The current prototype in production

The current prototype in production, running both the WSL2 Linux container and the Windows native self-hosted agent is a small all-in-one mini PC. In my case a BMAX-B4 Plus Mini PC Windows 11, Intel N100, 16 Go DDR4, 512 Go SSD, 2 x HDMI, 1 x Type-C, 4K @60Hz, 750MHz, which offers for less than 150€ all what you need. And it also has the advantage of consuming a maximum of 16W!

Running the hardware test does not require many resources. Most of the time, the machine is not used at all, so it can also run in parallel of regular usage. Meaning, any of our key contributor can install the solution and run the self-hosted agent in a normal PC while they are using it. And because we do set dynamically the pipelines for the tests, in case the machine is off, the tests won’t run on it. That’s also something we wanted by design.

Next steps

Moving forward, we still have some work ahead as we want to deploy this solution to more and more repositories. The goal is to deploy it and improve it as soon as we touch the configuration of a repository. The detailed maintainer documentation makes it easy to deploy in a new repository as well have having all packaged as templates.

Azure DevOps is an amazing tool and there is so much you can do for it. One of our next step is about to automate the management of the tokens as explained in a previous section. An Azure function and use of the token hash, its expiry date and the GitHub user ID will definitely add more security as well.

On the hardware side, some devices require to press some buttons to be flashed. In order to achieve this, we will have to simulate this before running nanoff to flash the device.

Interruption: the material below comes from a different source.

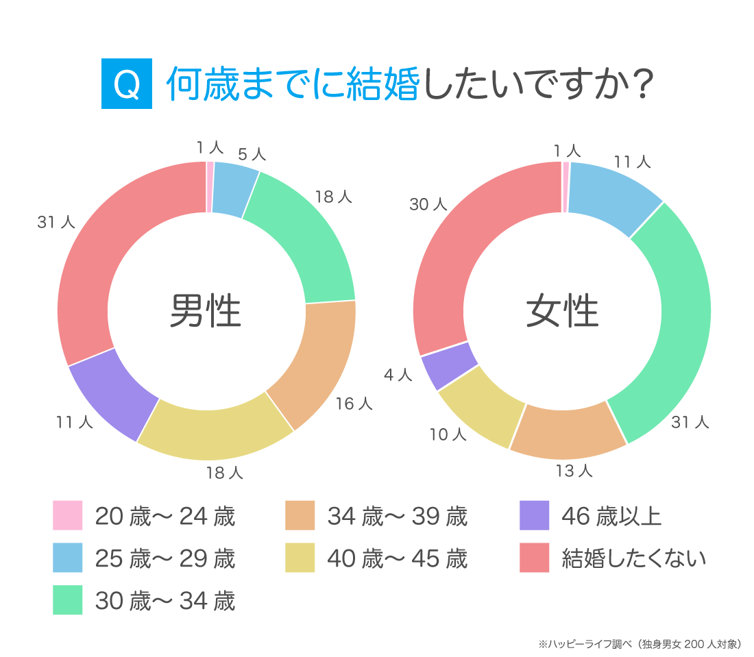 次いで「34歳〜39歳(16人)」、「46歳以上(11人)」と回答した人数が多く、20代までに結婚したい人は1割以下というデータが得られています。

The great news is that we can use an FT232 or equivalent using .NET IoT. That will require additional wiring but that can be necessary for those scenarios. Also, the goal is to be able to add real sensors, to test I2C in real, similar to SPI. And for this scenario as well, we will require some wiring.

All this is now possible! And we will definitely continue to improve the solution based on the needs.

Conclusion

As you’ve seen, there has been a lot of work, tips and tricks put together to arrive to a working solution where we have a fully, transparent, dynamic, scalable and as secure solution as possible!

We have been using a lot of possibilities from ADO, and self-agent are an amazing solution to run tests on real hardware in a scalable and secure way.

The key challenges to make the solution working both natively on Windows and Linux have been important. And there are a lot of details to pay attention to. From access to the hardware on WSL2 in a Linux container running on Windows to running Windows specific .NET Framework programs on Linux. Also, the overall pipeline setup has required quite some ingenuity to be able to have something truly dynamic. And to make it easy to use for our key contributors, we also develop a set of tools making things easy for anyone to adopt our solution.

The security concerns have been in our mind since the beginning and all the design has placed it at the center. While a 0-risk solution running hardware on a self-hosted agent does not exist, we have acknowledged and understand the risks and mitigated all of them.

And hardware tests are just amazing. Yes, they do involve quite some thoughts, some specific settings, but they definitely worth it! So, just go for them, keep them secure and scalable, easy to setup and as dynamic as possible. We hope that we showed you the way and unleashed a lot of secrets that will make your life much easier.